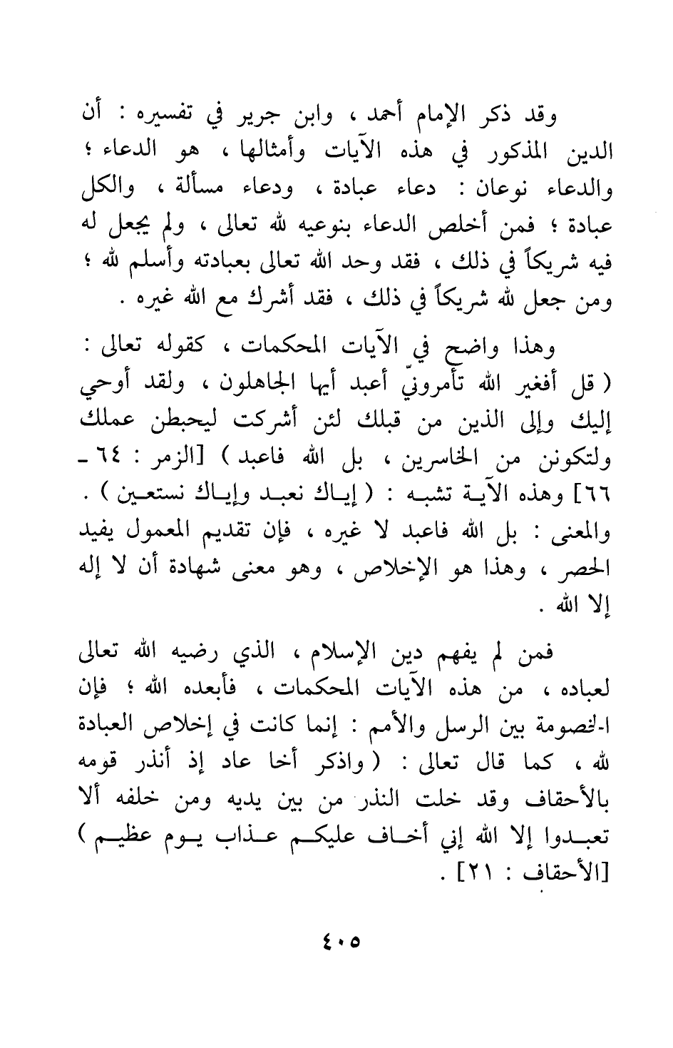 وهذا واضح في الآيات المحكمات، كقوله تعالى: {قُلْ أَفَغَيْرَ اللَّهِ تَأْمُرُونِّي أَعْبُدُ أَيُّهَا الْجَاهِلُونَ وَلَقَدْ أُوحِيَ إِلَيْكَ وَإِلَى الَّذِينَ مِنْ قَبْلِكَ لَئِنْ أَشْرَكْتَ لَيَحْبَطَنَّ عَمَلُكَ وَلَتَكُونَنَّ مِنَ الْخَاسِرِينَ بَلِ اللَّهَ فَاعْبُدْ} [سورة الزمر آية: 64-65-66] ؛ وهذه الآية تشبه: {إِيَّاكَ نَعْبُدُ وَإِيَّاكَ نَسْتَعِينُ} [سورة الفاتحة آية: 5] ، والمعنى: بل الله فاعبد لا غيره؛ فإن تقديم المعمول يفيد الحصر، وهذا هو الإخلاص، وهو معنى شهادة أن لا إله إلا الله.
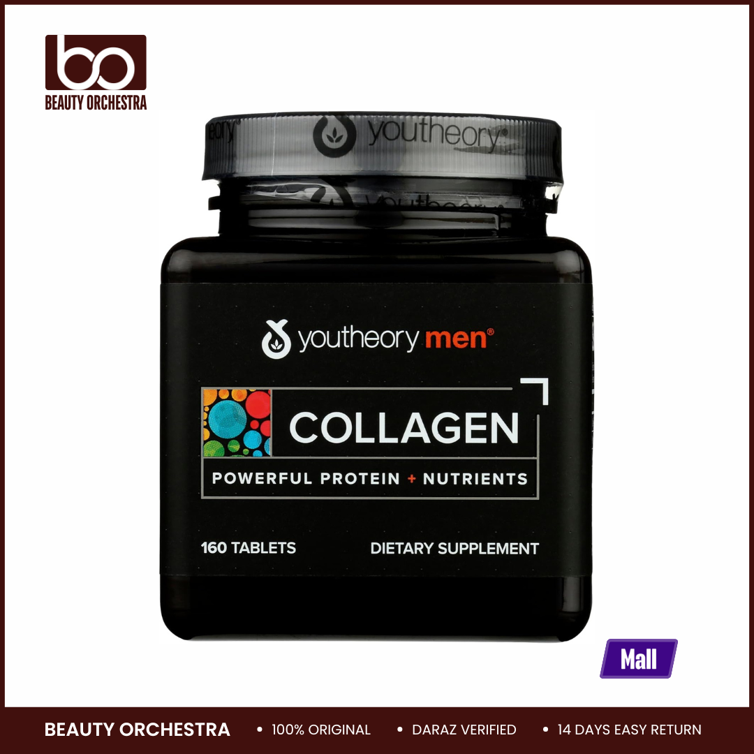 Youtheory® Collagen for Men (160-tablet bottle) is a targeted dietary supplement designed for men to help counteract age-related collagen loss. It’s enhanced with additional nutrients for overall skin, hair, joint, and protein support. The product is gluten-free, soy-free, and dairy-free.
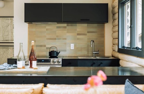 Step inside to discover a sanctuary where vintage Danish, Mexican, and American mid-century furniture grace the light-filled spaces adorned with natural log-wood walls and high ceilings. The attention to detail is evident in every corner, from the cozy sitting room with a wood-burning fireplace to the sleek modern kitchen equipped with top-of-the-line appliances including an induction range and All-Clad cookware.
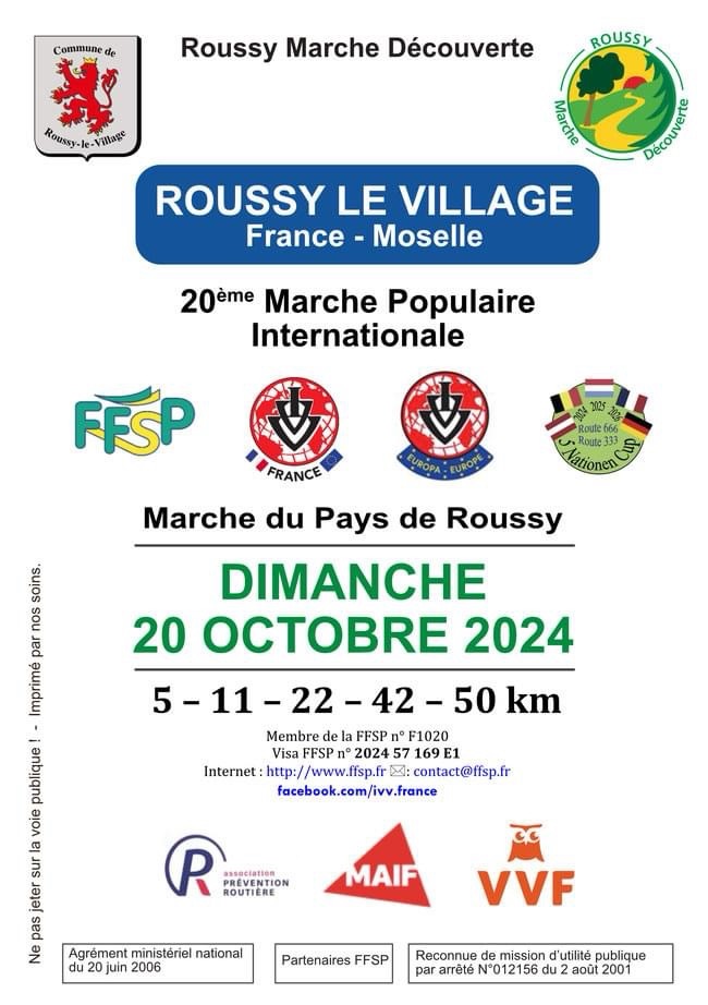 Dimanche 20 octobre 2024, grande marche IVV à Roussy le village avec participation au challenge longues distances « La Coupe des 5 Nations » (Allemagne, Autriche, Belgique, France, Luxembourg).

------

= Required action =
Return the listing above in full and unaltered. Keep the pictures out.

= Answer area =
 وهذا واضح في الآيات المحكمات، كقوله تعالى: {قُلْ أَفَغَيْرَ اللَّهِ تَأْمُرُونِّي أَعْبُدُ أَيُّهَا الْجَاهِلُونَ وَلَقَدْ أُوحِيَ إِلَيْكَ وَإِلَى الَّذِينَ مِنْ قَبْلِكَ لَئِنْ أَشْرَكْتَ لَيَحْبَطَنَّ عَمَلُكَ وَلَتَكُونَنَّ مِنَ الْخَاسِرِينَ بَلِ اللَّهَ فَاعْبُدْ} [سورة الزمر آية: 64-65-66] ؛ وهذه الآية تشبه: {إِيَّاكَ نَعْبُدُ وَإِيَّاكَ نَسْتَعِينُ} [سورة الفاتحة آية: 5] ، والمعنى: بل الله فاعبد لا غيره؛ فإن تقديم المعمول يفيد الحصر، وهذا هو الإخلاص، وهو معنى شهادة أن لا إله إلا الله.
 Youtheory® Collagen for Men (160-tablet bottle) is a targeted dietary supplement designed for men to help counteract age-related collagen loss. It’s enhanced with additional nutrients for overall skin, hair, joint, and protein support. The product is gluten-free, soy-free, and dairy-free.
 Step inside to discover a sanctuary where vintage Danish, Mexican, and American mid-century furniture grace the light-filled spaces adorned with natural log-wood walls and high ceilings. The attention to detail is evident in every corner, from the cozy sitting room with a wood-burning fireplace to the sleek modern kitchen equipped with top-of-the-line appliances including an induction range and All-Clad cookware.
 Dimanche 20 octobre 2024, grande marche IVV à Roussy le village avec participation au challenge longues distances « La Coupe des 5 Nations » (Allemagne, Autriche, Belgique, France, Luxembourg).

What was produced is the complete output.